Dean Wilber of Mapletree Farm in Concord said he experienced very little storm damage both at the farm and the area he leases farther up the road. He was concerned about the warmer weather the area experienced for a time, which can stop the sap run. For Maple Weekend, he said, “We go all out on Saturday with free samples of syrup, maple-coated nuts, maple cream, and sugar on snow. Weather permitting, there is a self-guided tour of the orchard and woods. We may or may not be boiling on Sunday, depending if there is sap. Only syrup samples will be available Sunday, if we are boiling.”
Here is a list of some farms that will open their sugar houses to the public on Maple Weekend. For a complete list, plus more information on maple syrup, check out the New Hampshire Maple Producers Web site, www.nhmapleproducers.com.

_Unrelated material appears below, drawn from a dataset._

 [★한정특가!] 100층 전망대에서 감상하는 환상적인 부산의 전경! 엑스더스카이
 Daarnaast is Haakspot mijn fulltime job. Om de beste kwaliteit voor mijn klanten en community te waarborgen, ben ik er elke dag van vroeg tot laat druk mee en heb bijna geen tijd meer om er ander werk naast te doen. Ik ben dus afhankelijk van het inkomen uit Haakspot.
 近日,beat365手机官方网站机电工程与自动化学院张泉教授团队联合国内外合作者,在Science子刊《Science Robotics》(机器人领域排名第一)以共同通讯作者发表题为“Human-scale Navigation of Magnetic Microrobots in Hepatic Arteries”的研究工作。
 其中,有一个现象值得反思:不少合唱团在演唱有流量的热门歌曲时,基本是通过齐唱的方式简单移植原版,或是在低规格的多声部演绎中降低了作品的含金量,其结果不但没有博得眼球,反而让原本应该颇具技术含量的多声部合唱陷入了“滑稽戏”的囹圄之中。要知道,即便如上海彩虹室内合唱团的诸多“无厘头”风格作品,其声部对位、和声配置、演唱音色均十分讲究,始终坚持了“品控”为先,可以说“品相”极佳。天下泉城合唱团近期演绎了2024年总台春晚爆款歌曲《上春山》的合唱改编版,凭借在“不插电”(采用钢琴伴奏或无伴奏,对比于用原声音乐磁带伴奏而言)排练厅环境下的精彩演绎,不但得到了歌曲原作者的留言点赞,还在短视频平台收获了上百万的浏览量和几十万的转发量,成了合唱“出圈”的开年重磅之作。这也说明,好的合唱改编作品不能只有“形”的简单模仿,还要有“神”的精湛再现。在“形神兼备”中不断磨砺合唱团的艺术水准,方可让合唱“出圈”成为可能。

• Tamarack Farm (125 Asby Road, Canterbury, 783-9226, www.geocities.com/tamfarm2001) will be open Saturday and Sunday from 10 a.m. to 4 p.m. with free samples, sugar on snow, syrup tasting, farm tours and horse-drawn rides (for a small fee).
• Mapletree Farm (99 Oak Hill Road, Exit 16 off Interstate 93, Concord, 224-0820) will be open Saturday only, from 10 a.m. to 4 p.m., offering sugar on snow, samples of maple syrup and other maple products, and coffee — no charge — and a self-guided walking tour of orchard and woods, weather permitting. Boiling Sunday afternoon if there is sap.

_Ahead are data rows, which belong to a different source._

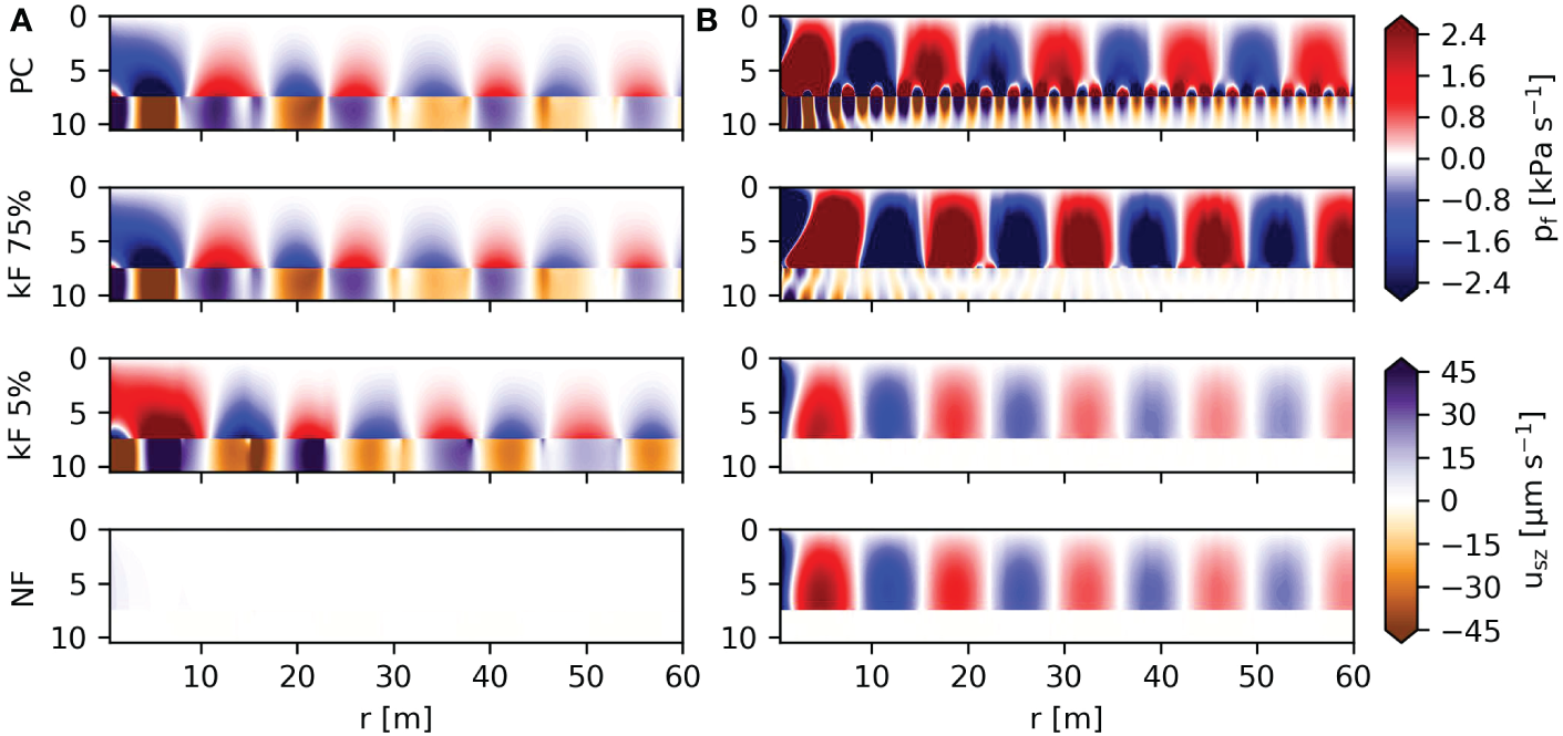 Allowing for relative motion between pile and soil affects the pile vibrations and the energy transferred to the surrounding domain. Figure 5 shows the amplitude of the pile displacements at 25 Hz and 125 Hz for varying values of . The frequencies are chosen specifically at the driving frequency and the fourth super-harmonic. Figure 5A shows that the rigid body motion governs the pile vibrations at low frequencies. For kF 5%, the radial pile and soil displacements are amplified. This is counterintuitive, but because the system has reduced soil stiffness and low damping, the resonance amplitude of the rigid body mode is amplified significantly. At higher frequencies, the dynamic response of the pile is strongly influenced by the pile-soil interface as shown in Figure 5B; altering the noise source significantly in the fluid domain.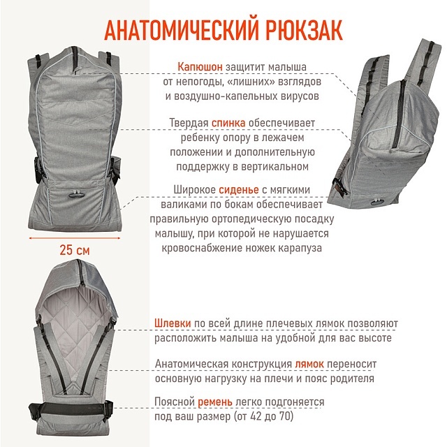 Анатомическая конструкция лямок и поддержка под спину родителя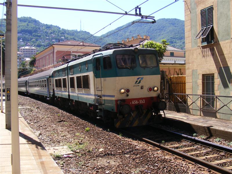 FS Trenitalia electric loco class E656 E656-557 at Chiavari station with a Interegional train from Albenga to S.Stefano di Magra.

• Ben’s Sugar Shack (83 Webster Hwy., Temple, and 694 Route 103, Newbury, 562-6595) will be open Saturday and Sunday from 9 a.m. to 6 p.m. with free samples of sugar on snow, maple cotton candy, hot maple syrup on vanilla ice cream, maple candy and baked goods.
• Maple Butternut Farm (Pine Echo Road, off Route 136, New Boston, 487-5508) will be open Saturday 9 a.m. to 4:30 p.m., and Sunday 9 a.m. to 4 p.m., with free maple syrup samples, coffee and doughnuts, and a demonstration of making syrup with a wood-burning evaporator. Visitors are always welcome when you see steam.

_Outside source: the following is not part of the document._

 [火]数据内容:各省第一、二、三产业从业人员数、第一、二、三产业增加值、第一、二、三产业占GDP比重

• Middle Branch Farm (280 Colburn Road, New Boston, 487-2540) will be open Saturday and Sunday from 10 a.m. to 6 p.m. (it’s open daily throughout the sugaring season) with wood-fired boiling of sap the traditional way. There’s a post-and-beam sugar house and sugar woods tours. They’ll be serving sugar on snow, coffee, homemade donuts, pancakes, maple baked beans and other maple treats.
• The Grant Family Pond View Maple Sugar House (224 Mt. Dearborn Road, Weare, 529-4148) will be open Saturday and Sunday from 10 a.m. to 4 p.m. Free food Saturday only; sample maple products and try homemade chili, hot dogs steamed in sap, coffee, tea, popcorn and maple cotton candy. Coloring books and crayons for kids.
• Beaver Meadowbrook Farm Sugar House (402 Route 103 E, Warner, 456-6052 or 224-2452) will be open Saturday and Sunday from 11 a.m. to 4 p.m. with free syrup samples, maple coffee and other goodies.
Tour the new sugar house and maple orchard; try sap-gathering for kids. Watch the boiling process and learn the history of maple sugaring.